Vegetarianism and veganism is a hard road to travel, not least because it can be difficult to determine where your personal hard moral line is. For example, a lacto-ovo vegetarian won’t chow down on a piece of chicken, but will an egg, making a distinction between the different levels of animal exploitation they represent: a vegan will eat neither. But even if an egg itself doesn’t represent a death to a vegetarian, the industry that surrounds its production is filled with harm; including the mass killing of male chicks, who are valueless to the industry because they cannot lay more eggs.
But a team out of Israel’s Volcani Institute has devised a method to prevent this slaughter—by preventing male chicks from existing in the first place. They’ve done this, they claim, by gene editing hens to lay eggs that will result in only female chicks hatching.
“The scientists have gene-edited DNA into the Golda hens that can stop the development of any male embryos in eggs that they lay. The DNA is activated when the eggs are exposed to blue light for several hours.

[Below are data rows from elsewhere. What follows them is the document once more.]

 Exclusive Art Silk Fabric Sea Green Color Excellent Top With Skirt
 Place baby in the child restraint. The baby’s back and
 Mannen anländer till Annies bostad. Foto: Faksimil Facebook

Female chick embryos are unaffected by the blue light and develop normally. The chicks have no additional genetic material inside them nor do the eggs they lay, according to Dr Cinnamon [the project’s chief scientist].

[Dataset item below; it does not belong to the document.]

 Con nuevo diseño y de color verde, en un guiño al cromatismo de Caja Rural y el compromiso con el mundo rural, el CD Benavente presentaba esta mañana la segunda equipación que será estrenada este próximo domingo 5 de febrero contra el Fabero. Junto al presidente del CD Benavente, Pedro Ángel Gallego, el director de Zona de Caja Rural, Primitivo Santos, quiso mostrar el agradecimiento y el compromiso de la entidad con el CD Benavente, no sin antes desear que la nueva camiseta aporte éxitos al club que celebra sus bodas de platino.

‘Farmers will get the same chicks they get today and consumers will get exactly the same eggs they get today,’ he said. ‘The only minor difference in the production process is that the eggs will be exposed to blue light.’”

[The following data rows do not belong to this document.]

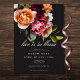 Celebrate love in timeless elegance. Our captivating bridal shower "love is in bloom" invitation feature a sophisticated black background, the perfect palette for a captivating bouquet. Imagine a corner arrangement of blush pink, burgundy and creamy white realistic flowers with dark olive green foliage, creating a sense of quiet opulence. This enchanting design sets the stage for an intimate gathering filled with heartfelt moments and cherished memories. Created by Simply Farmhouse Press.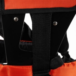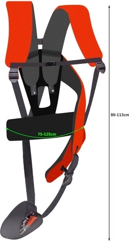 De draagriemen zijn uitgerust met een metalen bevestiging die eenvoudige installatie van de benzinezaag mogelijk maakt en zorgt voor een stevige houvast.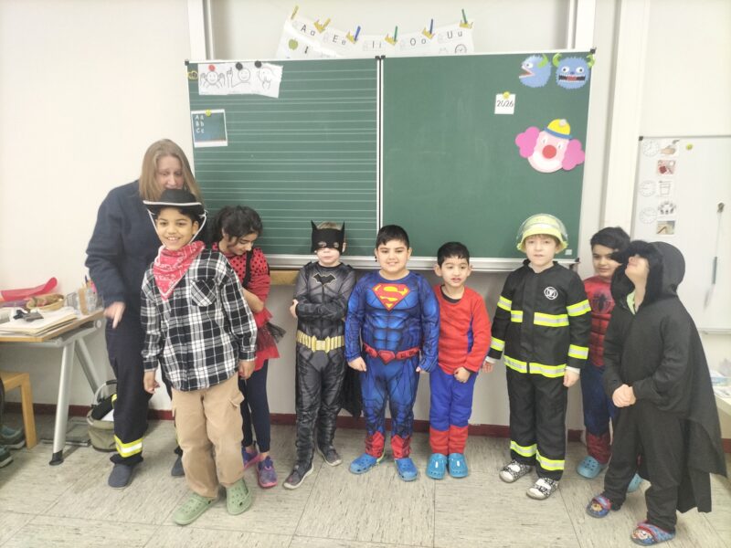 Bienen, Frösche, Prinzessinnen, Feuerwehrmänner und -frauen, Mäuse, Supermänner, Harry Potter: an der MMS war Rosenmontag mächtig viel los. Gefeiert wurde mit Bewegungsparcours in der Turnhalle und mit Action im Halli Galli.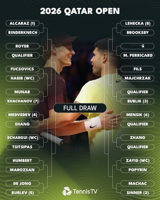 ATP500多哈签表 星光熠熠。 (P)商骏程vs(4)梅总 (P)张之臻vs资格赛选手 小商迎来大考验。 另外: (1)阿卡拉斯vs林德克内希 (2)辛纳vs马哈奇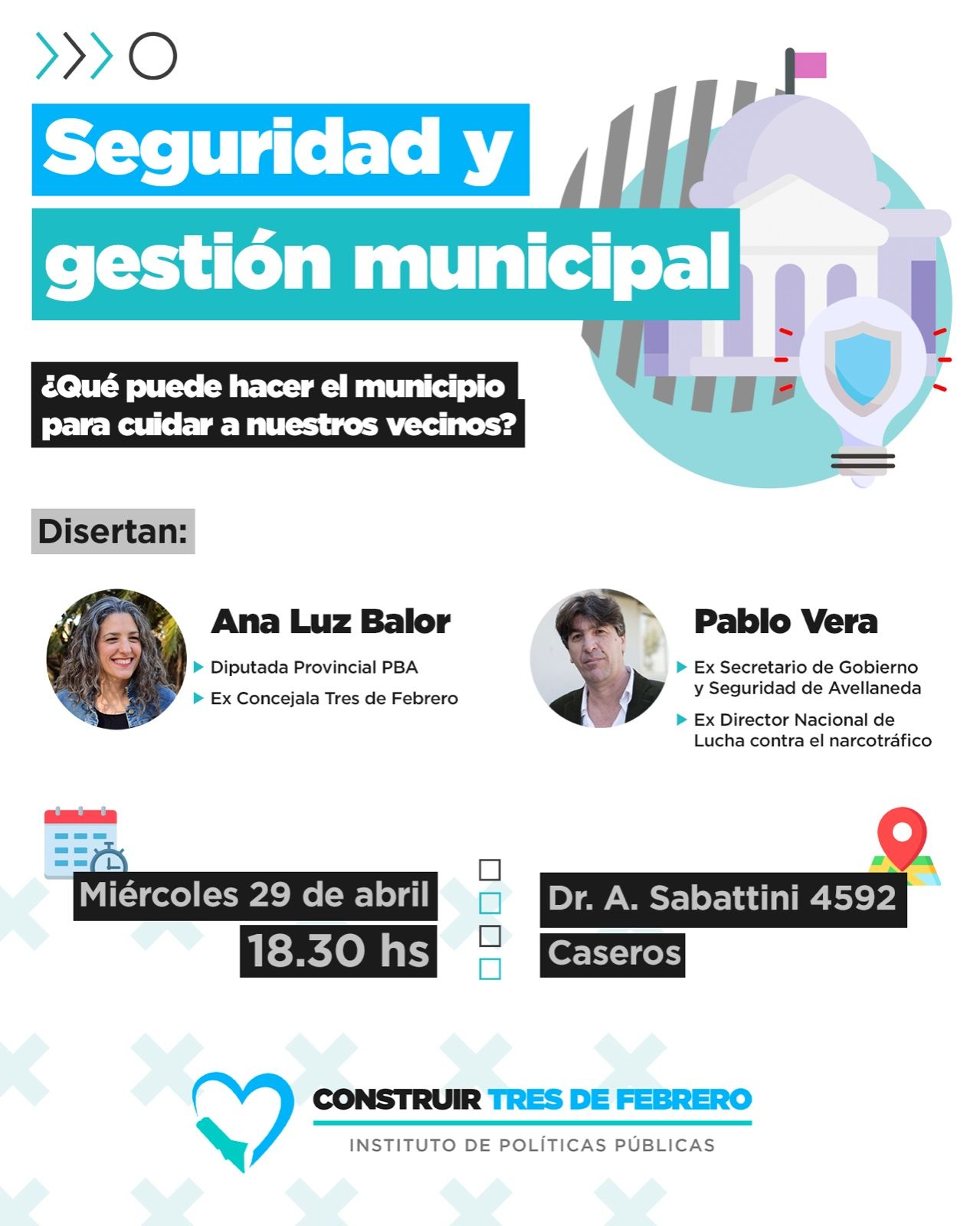 La actividad contará con las disertaciones de Ana Luz Balor, diputada provincial y ex concejala de Tres de Febrero, y Pablo Vera, ex secretario de Gobierno y Seguridad de Avellaneda y ex director nacional de Lucha contra el Narcotráfico.

Certain jurisdictions in the EU are already banning the culling of male chicks, and simultaneously warming up to the idea of light genetic modification of livestock. If fully adopted, this innovation—not published, because the team wants to license it ASAP—will go a long way toward not having a world filled with roosters! And once scientists have the chance to make sure the resulting eggs are fit for human consumption, eaters will have one less moral choice to make before breakfast.